Image for article titled The US government’s decision to scrub Clearview font from highway signs really frustrated its designers
Image: Don Meeker

If it sounds trivial, remember that picking a font for a road sign is very different from picking a font for a brochure.

A road sign must be legible from a distance, must be read within a fraction of a second, and must also work in all kinds of weather and light conditions. Designing for the aging eye is also a particular concern for FHWA: New data published by the agency in Dec. 2015 shows a record spike in the number of drivers over the age of 50, including many over the age of 80. 

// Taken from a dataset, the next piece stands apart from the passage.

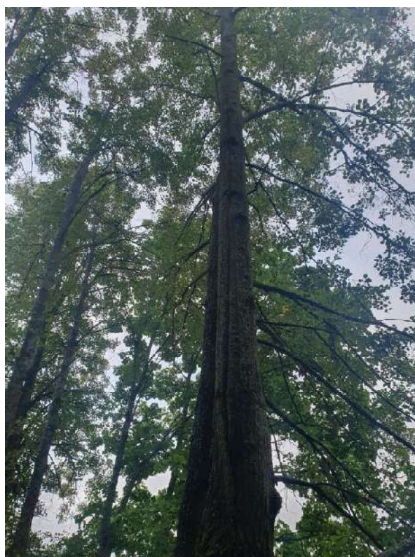
Аварийное дерево №8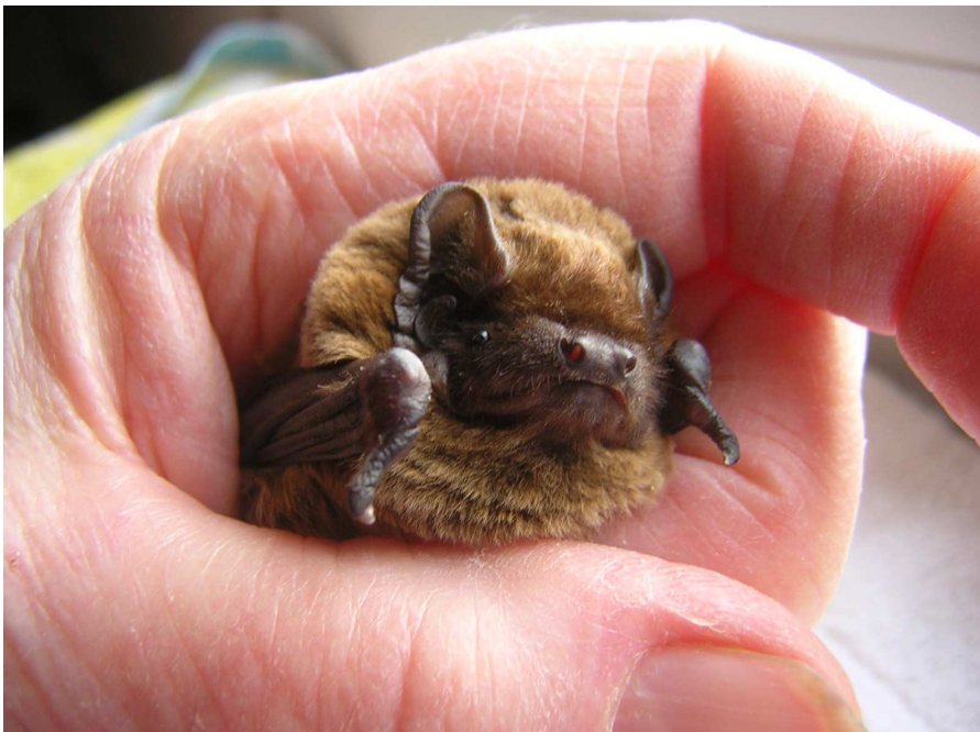
Kleiner Abendsegler Nyctalus leisleri in menschlicher Obhut. Foto: P. Erlemann, 4.3.2009

Nach dieser Einführung ging es zum nahen Naturschutzgebiet See am Goldberg, wo mehrere jagende Tiere beobachtet und die Rufe mittels Bat-Detektoren für Menschen hörbar gemacht wurden. So war es am Ende eine gelungene Veranstaltung, in der die „Faszination Fledermäuse“ auf den einen oder anderen Teilnehmer übergesprungen sein könnte.

A mandate from FHWA requires optimizing public signs for these 214 million licensed older drivers—the fastest growing demographic today. To this end, FHWA recommended larger print road signs in 2003. This would have increased the size of Highway Gothic letters by 20% and result in significantly larger road signs.

But by that time, graphic designer Donald Meeker had already been puzzling over how to improve highway signs in his home state of Oregon. His attention first turned to the typographic quirks of Hightway Gothic while working on a highway signage project there in 1989.

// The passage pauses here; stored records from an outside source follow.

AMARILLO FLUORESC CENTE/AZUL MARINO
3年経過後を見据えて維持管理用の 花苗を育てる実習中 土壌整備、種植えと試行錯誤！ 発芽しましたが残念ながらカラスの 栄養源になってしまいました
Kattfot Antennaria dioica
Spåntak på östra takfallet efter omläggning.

Prior to designing Clearview, Meeker ran a thriving practice designing wayfinding systems for national parks, schools, and public projects. He was inspired to take action by the discombobulating array of route numbers, exist signs, and town names that clutter US highways, Meeker explained at the Society for Experiential Graphic Design conference last year. “There’s nothing more assaulting and daunting…than highway signs,” he said, calling the US official signage system “dysfunctional, frenetic, wild and uncontrolled.” 

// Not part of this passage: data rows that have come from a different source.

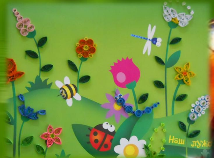
ФОТО С РАБОТАМИ ОТПРАВЛЯЕМ В ВАТТСАПП.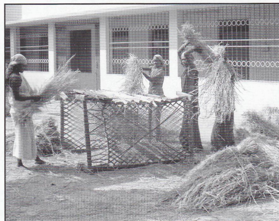
Takto se „mlátí“ rýže z první úrody na „naší“ farmě.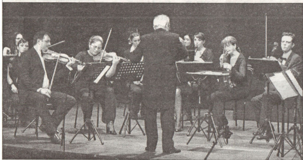
КРЕАТИВНА СНАГА НОВОГ ТАЛАСА: „Црногорски гудачи“

Ансамбл Музичког центра Црне Горе „Црногорски гудачи“ завршиће серију концерата у овој сезони наступом у Бару, вечерас у 21 сат у Дворцу краља Николе. На програму су дјела Хендла, Менделсона, Албинионија, Шуберта и Грига.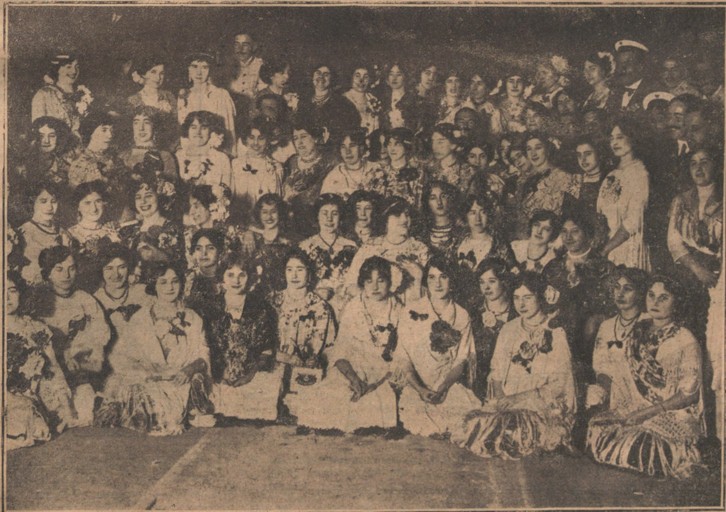
AS FIESTAS DE MELILLA.—Señoritas que han tomado parte en la velada celebrada por la Sociedad de Salvamento de Naufragos, vendiendo obitos a beneficio de dicha Asociación

Arquitecto, de cinco a seis de la tarde. Secretario, de once de la mañana a una de la tarde y de cinco de la misma a ocho de la noche.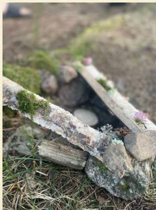
kuu: Linna / The Castle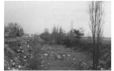
An vielen Stellen in Teltow und Stahnsdorf ist die für die S-Bahn freigehaltene Trasse heute noch gut zu erkennen. Das untere Bild zeigt der Bereich des geplanten S-Bahnhofes Teltow Stadt, das obere die Trasse durch Stahnsdorf.

In 2004, Meeker together with graphic designer Chris O’Hara and type designer James Montalbano, proposed Clearview as a solution. 

Meeker, O’Hara and Montalbano redrew the letterforms in Clearview specifically to counter bad road conditions. They eliminated “light traps” or tiny notches in joints of the letterforms and cleaned up the letters’ shapes to mitigate the halo effect at night, due to the sign’s reflective surface. They also increased the negative space in the letters “a” and “e,” which tend to close in from a distance. These small typographic refinements were posited to improve legibility of the letters without increasing font sizes.

In a statement to Quartz, Meeker expressed sadness over the decision to abandon Clearview, but says he will continue to work on improving US public signage. “This is disappointing because we are quite sure we are saving lives with longer reaction times by older and all drivers,” Meeker writes. “But it is out of our hands.”

It is fair to say that this has never been approached as a systematic design effort and designers are not part of the equation—as it was when Jock Kinneir and Margaret Calvert redesigned the road signs in 1964 in the UK.

Highway signs are the one thing that has not changed in any fundamental way since the early 1960s when there was a upgrade to accommodate the “new” Eisenhower Interstate Defense Highway System. This system is a tiny fraction of all the nations’ roads but it drives the system. Highway signs are also the single greatest manifestation of government that most all citizens interact with on a daily basis and this ubiquitous assault need not be so daunting.

It’s not just about the font

Unlike in-house designed Highway Gothic (officially called “FHWA Standard Alphabets”) that is free to use, Meeker licenses out Clearview to state agencies and individual clients. According to FHWA, having to pay to use the font—even for fairly reasonable sums—was an issue for many states. “The federal government promotes items that are in the public domain as much as possible,” says Hecox, who confirms that the agency has never attempted to buy out the universal license from Meeker.

Although the FHWA’s announcement notes ”the FHWA does not intend to pursue further consideration, development, or support of an alternative letter style,” Hecox tells Quartz that the agency will still welcome new proposals regarding fonts or any kind of design-led solutions to keep roads safer.